Initialize a model, do not modify valuable tfidf from now on.  
tfidf - Term Frequency * Inverse Document Frequency

In [40]:
tfidf_neg = gensim.models.TfidfModel(corpus_neg)
tfidf_neg.save('models/onp_neg_tm.tfidf')

# put a model wrapper around corpus
corpus_tfidf_neg = tfidf_neg[corpus_neg]
gensim.corpora.MmCorpus.serialize('models/onp_neg_tm.mm_corpus_tfidf', corpus_tfidf_neg)
#for doc in corpus_tfidf:
#    print(doc)

In [41]:
# number of topics to model
n_topics = 5

#### Use Latent Dirichlet Allocation (LDA) model

#### 1. with online LDA

In [42]:
lda_model_neg = gensim.models.ldamodel.LdaModel(corpus=corpus_tfidf_neg, id2word=dictionary_neg, 
                                                num_topics=n_topics, 
                                                update_every=1, chunksize=10000, passes=5)
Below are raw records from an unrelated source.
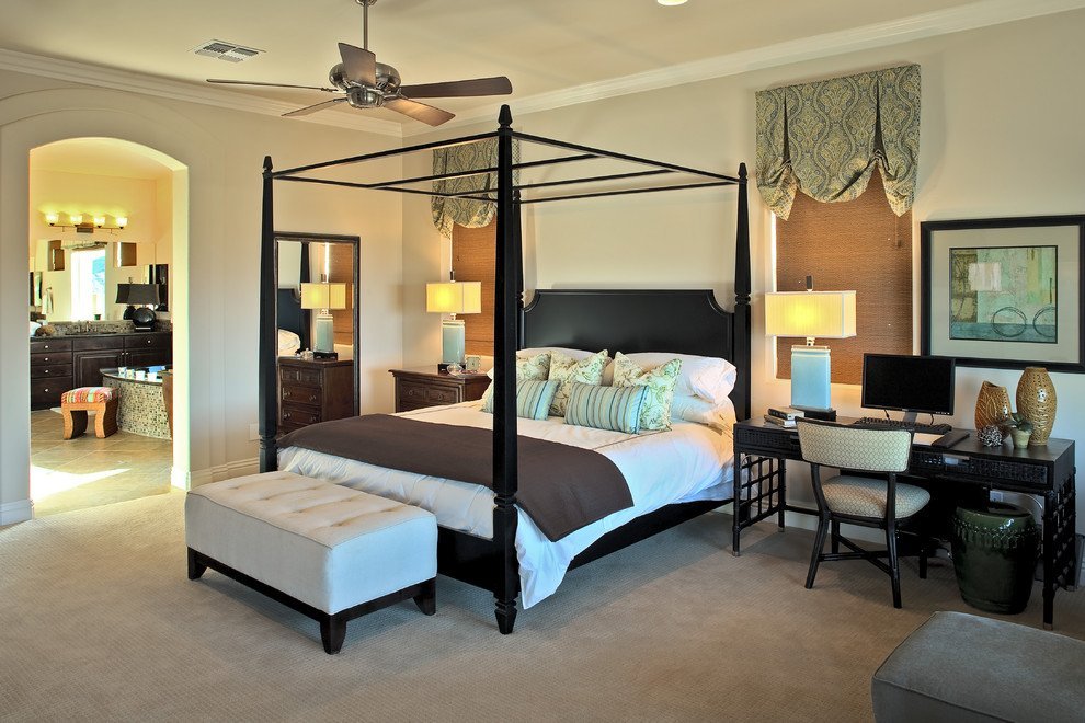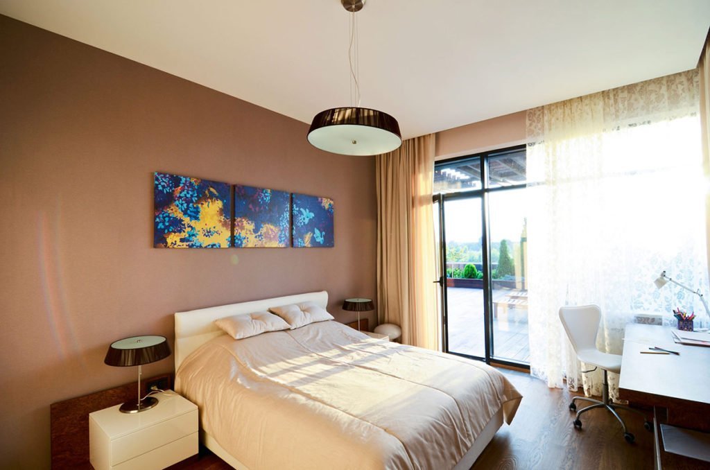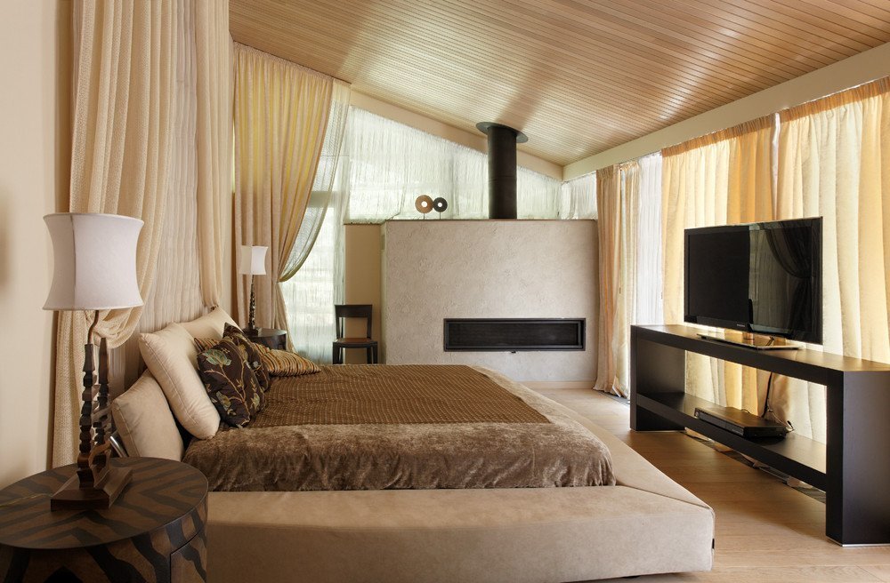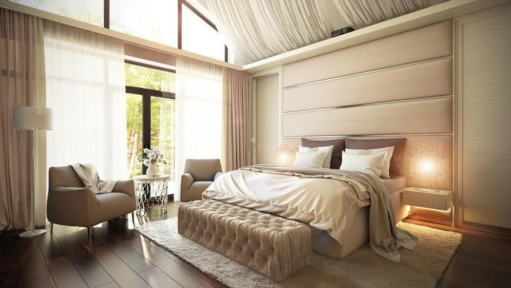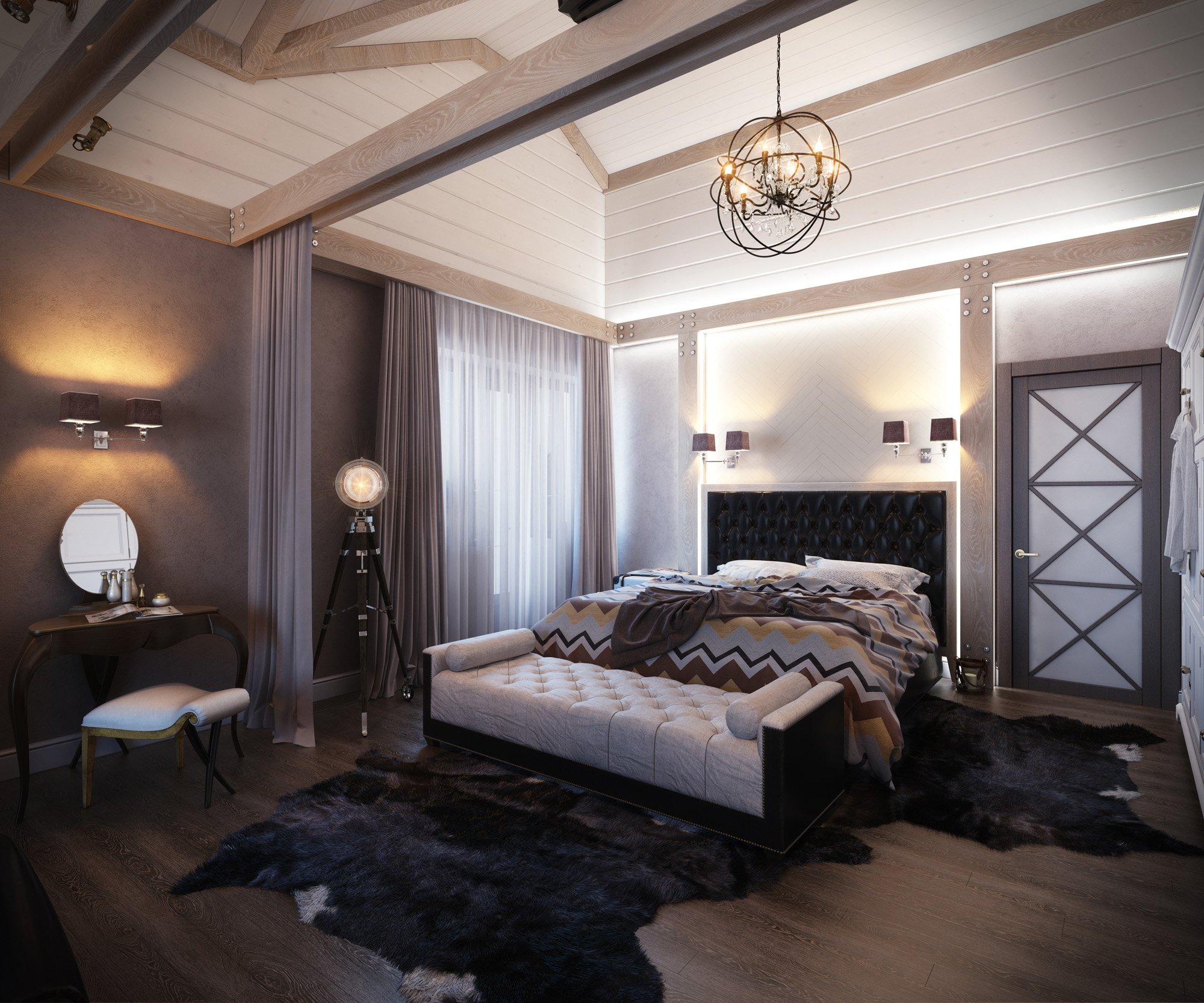 El dormitorio en una casa privada allana el camino para la encarnación de cualquier idea de diseño. Es suficiente para no frenar la imaginación, y obtendrá una habitación exclusiva con el diseño del autor de su propia "preparación". Lo principal es no olvidarse de la ubicación correcta fuera de las instalaciones: generadores de ruido (sala de estar, habitación infantil, cocina). El rincón de descanso debe ser tranquilo y silencioso, propicio para acostarse y leer tranquilamente por la noche.
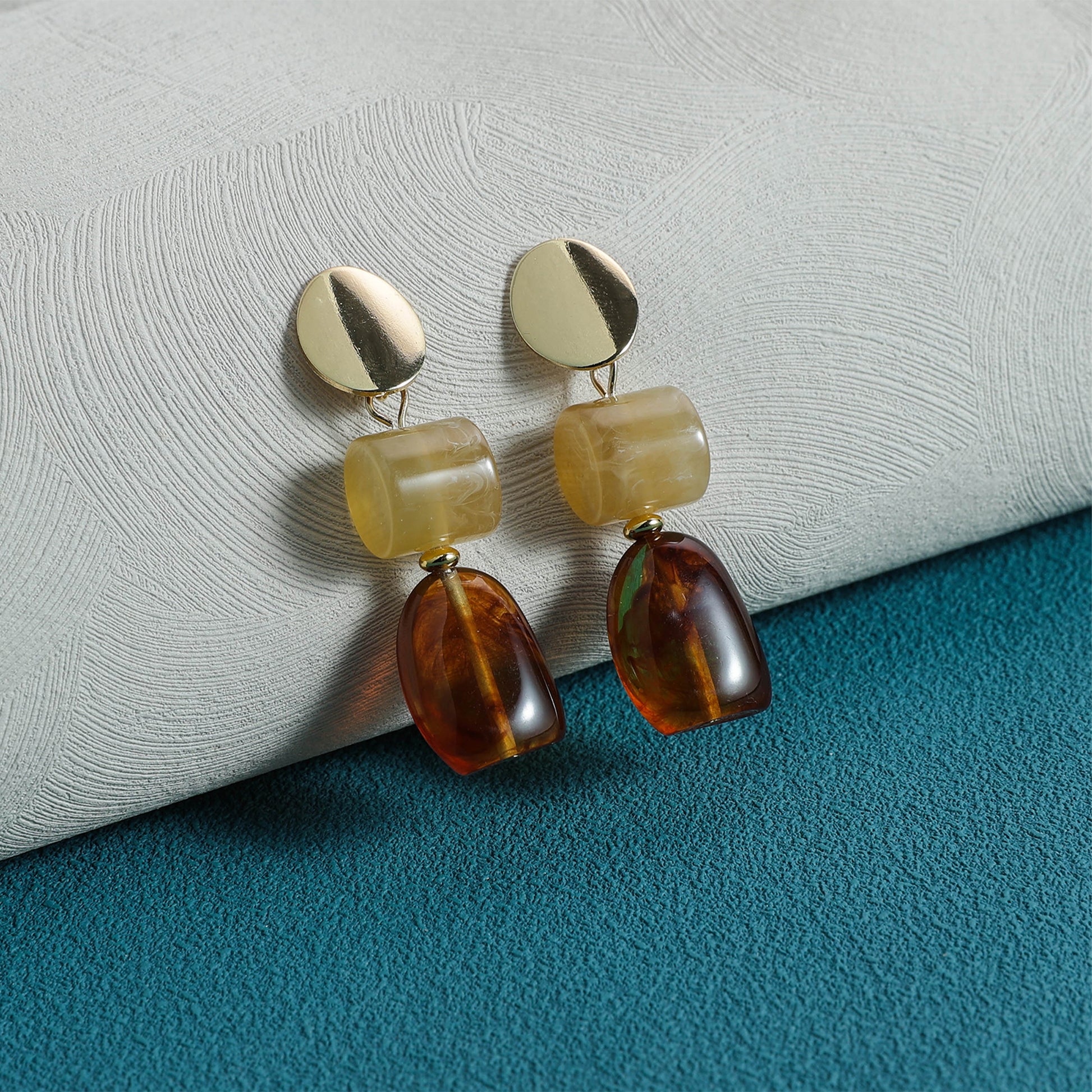 Introducing the Gold Plated Multicolor Stone Drop Earrings by Yellow Chimes, a stunning blend of artistry and elegance. These earrings feature a unique geometric design, masterfully crafted with a high-quality gold plated finish. With a weight of just 100 grams, they are incredibly lightweight, ensuring that you can wear them comfortably for extended periods. Perfectly sized for any occasion, these earrings skillfully combine metallic studs with translucent beads and a rich amber-toned drop, creating a stylish statement piece.
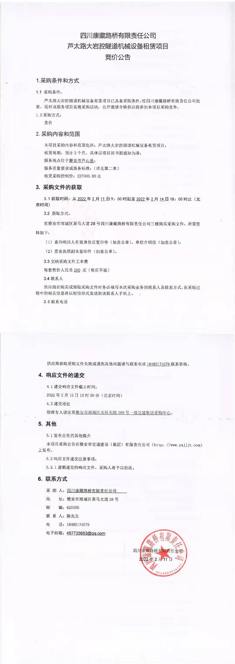 四川康藏路橋有限責(zé)任公司蘆太路大巖腔隧道機械設(shè)備租賃項目競價公告
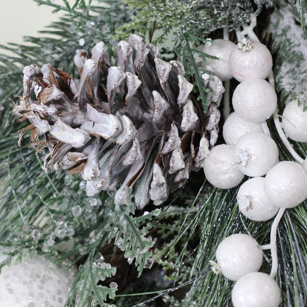 Frosted mixed pine and pine cone Christmas wreath
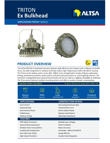 The ALTSA TRITON Ex Bulkhead luminaire features high efficiency LED chipsets with a lifespan of 50 000
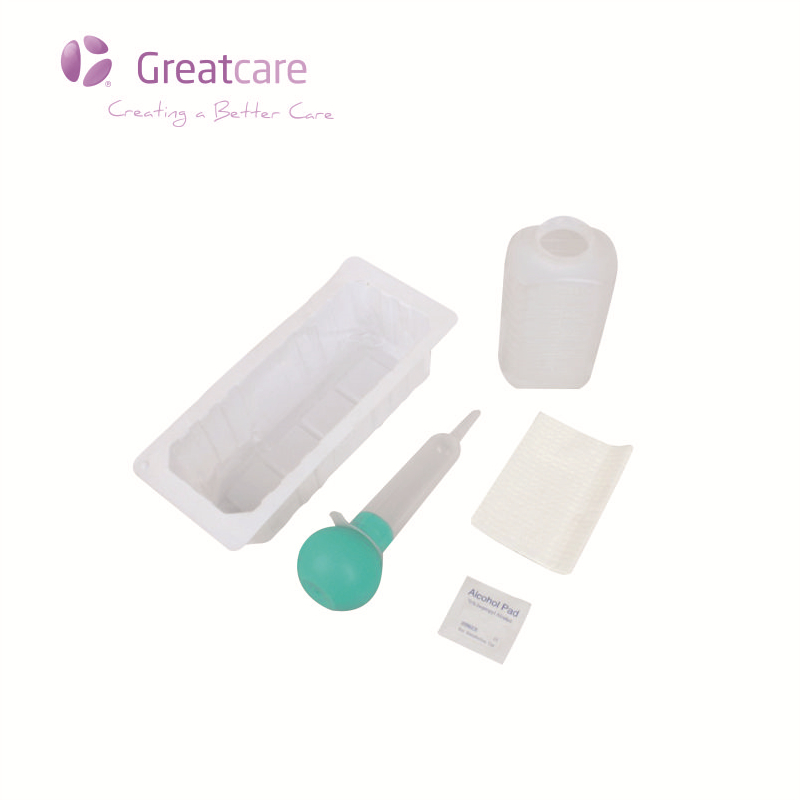 1 bandeja externa de 1000 cc 1 Recipiente Graduado de 500cc 1 seringa de irrigação com bulbo de 60 cc 1 almofada de preparação de álcool 1 almofada impermeável |
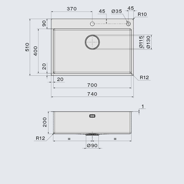Falmec GARDA 70 Steel, мойка, нержавеющая сталь Мойка из нержавеющей стали
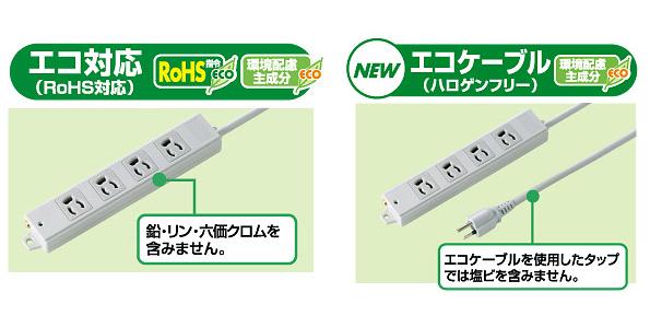 ●8個口(3P抜け止め)、エココード仕様、3Pプラグ(絶縁キャップ付き)のタップです。

#### 2. or batch LDA, no online updates   

lda_model = gensim.models.ldamodel.LdaModel(corpus=corpus_tfidf, id2word=dictionary, num_topics=n_topics, update_every=0, passes=20)

#### Now save the model

In [43]:
lda_model_neg.save('models/onp_neg_tm.lda')
#top_words = [[word for word in lda_model_neg.show_topic(topicno, topn=5)] 
#             for topicno in range(lda_model_neg.num_topics)]
#print(top_words)

#### Visualise the model with pyLDAvis

To load preivous saved model from disk:  

dictionary = gensim.corpora.Dictionary.load('models/onp_neg_tm.dict')  
corpus_tfidf = gensim.corpora.MmCorpus('models/onp_neg_tm.mm_corpus_tfidf')  
lda_model = gensim.models.ldamodel.LdaModel.load('models/onp_neg_tm.lda')

In [44]:
vis_data_neg = pyLDAvis.gensim.prepare(lda_model_neg, corpus_tfidf_neg, dictionary_neg)
pyLDAvis.display(vis_data_neg)

## Similar words with word2vec

In [45]:
m = gensim.models.Word2Vec(words_onp, size=100, window=5, min_count=3, workers=4)
pp.pprint(m.most_similar("nation"))

[   (u'senator', 0.9957336783409119),
    (u'malcolm', 0.9939283132553101),
    (u'profbriancox', 0.9926587343215942),
    (u'roberts', 0.9921092391014099),
    (u'elect', 0.9916069507598877),
    (u'takes', 0.9908980131149292),
    (u'readfearn', 0.9842835068702698),
    (u'abctv', 0.9841217398643494),
    (u'denied', 0.9823267459869385),
    (u'scientist', 0.981223464012146)]


In [46]:
m = gensim.models.Word2Vec(words_onp_neg, size=100, window=5, min_count=3, workers=4)
pp.pprint(m.most_similar("nation"))

[   (u'malcolm', 0.9970388412475586),
    (u'senator', 0.9967544674873352),
    (u'roberts', 0.9961132407188416),
    (u'denier', 0.9943068027496338),
    (u'icymi', 0.9939748048782349),
    (u'denied', 0.993387758731842),
    (u'scaa', 0.9931299090385437),
    (u'abctv', 0.9930740594863892),
    (u'mocks', 0.9928045868873596),
    (u'discredited', 0.9915701746940613)]


In [47]:
m = gensim.models.Word2Vec(words_onp_pos, size=100, window=5, min_count=3, workers=4)
pp.pprint(m.most_similar("nation"))

[   (u'qanda', 0.9998025894165039),
    (u'roberts', 0.9997572898864746),
    (u'malcolm', 0.99972003698349),
    (u'believe', 0.9997132420539856),
    (u'senator', 0.9997057914733887),
    (u'profbriancox', 0.9996393918991089),
    (u'scientist', 0.9996350407600403),
    (u'years', 0.9996035099029541),
    (u'esteemed', 0.9995802640914917),
    (u'world', 0.9995610117912292)]


## Todo:  

In the next part of topic modelling, try grouping frequent consecutive words into phrases.